Уже в самые ранние годы религиозной деятельности Капитона Корнилий насчитывает у него в скиту около тридцати его учеников[113]. В Данилове он начал набирать себе последователей не только среди мужчин, но и среди женщин, и этим еще больше приумножил число своих прозелитов. Его странствования и гонения привели к распространению его идей и росту числа учеников, обращенных в его аскетическую веру. Все они, по словам позднейших биографов, были “славные постницы и славные железоносцы”, т. е. — носители вериг[114]. Таковыми были “перепоясанный железным поясом дивный Леонид”, строго державший пост Симеон, “всепречудный Яков”, “всепрекрасный Прохор” и наконец ученик Прохора и сподвижник самого Капитона — “великий и премудрый Вавила”[115]. Вавила, наиболее заслуживающий внимания среди всех отцов “чудного и дивного воздержания”, был не русский, а иностранец, и происхождение его до сих пор остается загадочным. По словам Денисова, писавшего о Капитоне и Вавиле со слов их учеников, лет через 40—50 после их смерти, этот Вавила “был рода иноземческа, веры люторской”. Это не значит, что он обязательно был лютеранином, так как русские XVII века часто называли всех протестантов “люторами”. Он отличался большей эрудицией, чем другие “отцы” того времени, “все художественные науки прошед” — изучил грамматику, риторику, логику, богословие и другие науки в “славней парижстей академии”, т. е. в парижской Сорбонне, и хорошо знал греческий, латинский и немецкий языки. Опять-таки, по данным Денисова, Вавила приехал в Россию при царе Михаиле Федоровиче и тоже уже"осеян был всепреславными благочестия лучами” и из “бездревнего люторского вреднословия изшед”, принял православие. Ставши православным, он решил “от мирского мятежа и многосуетности отлучиться” и стал строгим монахом: “железы свои силы изволительно смирил, вериги тяжелые на себя положив, железами же чресла свои опоясав”[116].

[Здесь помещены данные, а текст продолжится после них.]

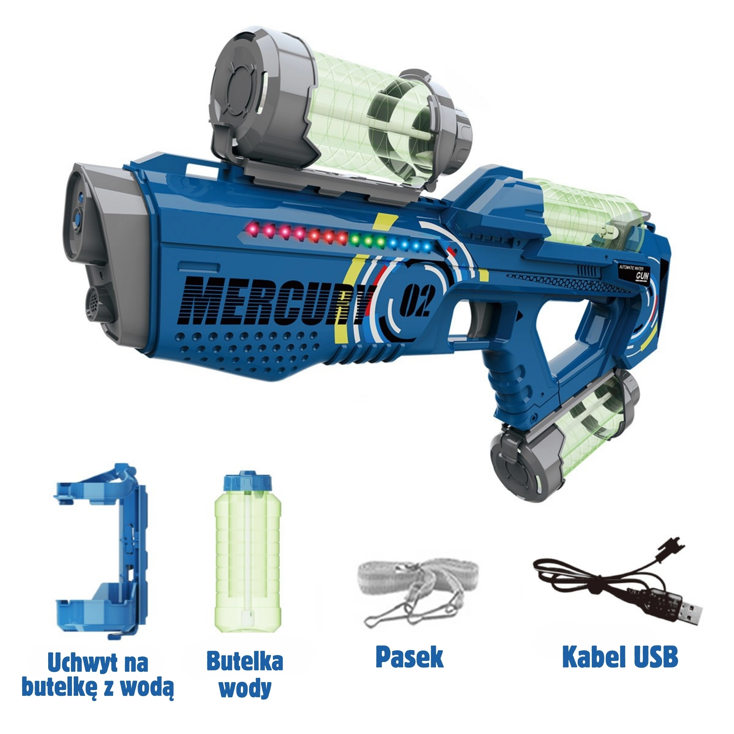 Le pistolet à eau électrique WOOPIE MERCURY 02 est conçu pour un confort et un plaisir maximum. Grâce au fonctionnement automatique, aucun pompage n’est nécessaire – il suffit d’appuyer sur la gâchette pour profiter d’un flux d’eau ininterrompu. La batterie 2200 mAh offre une longue autonomie sur une seule charge et l’indicateur LED vous informe de l’état de charge.

Так как появление Вавилы в рядах капитоновской братии относится еще к царствованию Михаила Федоровича, то есть к самому началу деятельности Капитона, то у историков, как, например, у занимавшегося этим вопросом сто лет тому назад А. Щапова, невольно напрашивается вопрос: не был ли Вавила ответствен за те имеющие протестантский привкус особенности “учения Капитонова”, которые, видимо, развились в практике старца в более поздний период его деятельности и за каковые уже в 1639 году церковь хотела посадить его “на исправление”[117]. К сожалению, кроме короткого рассказа о Вавиле, который известен из “Винограда Российского”, и отрывка протокола его допроса, история не сохранила о нем никаких известий. Сам же С. Денисов, частично придерживавшийся как раз “капитоновского направления раскола”, конечно, не захотел дать каких-либо указаний о возможном влиянии этого бывшего “парижстей академии” студента на беспоповское старообрядчество, которое Денисов почитал за истинную древнерусскую веру.
Отклонения Капитона от практики православных монастырей совершенно определенно отмечает уже указ 1639 года, предписывавший закрытие скитов в Колесникове и Морозове. “Велено, — сказано в указе, — чтобы старцы (т. е. ученики и монахи капитоновского скита. — С. З.) — жили про правилам святых отец, а Капитоново учение и уставство оставили”. Эту разницу в уставах, а наверное, и в общей доктрине веры, уже чувствовали и сами последователи Капитона, которые заявляли, что “им Капитонова уставства не оставливать”, и затем ушли в леса вслед за их исчезнувшим вождем[118]. В свою очередь, правительственное распоряжение 1651 года, которое предписывало келии вновь возродившейся на реке Шоче колонии Капитона снести, старцев арестовать и их “с монастыря не спускать… беречь крепко”[119], — отражает тревогу правительства перед ростом новой ереси и косвенно подтверждает дальнейшее отклонение “лесных старцев” от учения церкви. Приблизительно через год о распространении Капитоновской ереси говорит митрополит Ростовский Иона, в епархии которого миссионерствовал Капитон, когда он в 1652 году опубликовывает грамоту — воззвание ко всей своей пастве, — предостерегая ее от вредной еретической пропаганды[120]. Тогда же эти Капитоновы ученики привлекли внимание и самого патриарха Иосифа, который пишет в своей грамоте: “Восстали лицемеры, имущие образ благочестия, силы же его отвергшися”, — т. е. отошедшие от подлинного духа православного учения[121].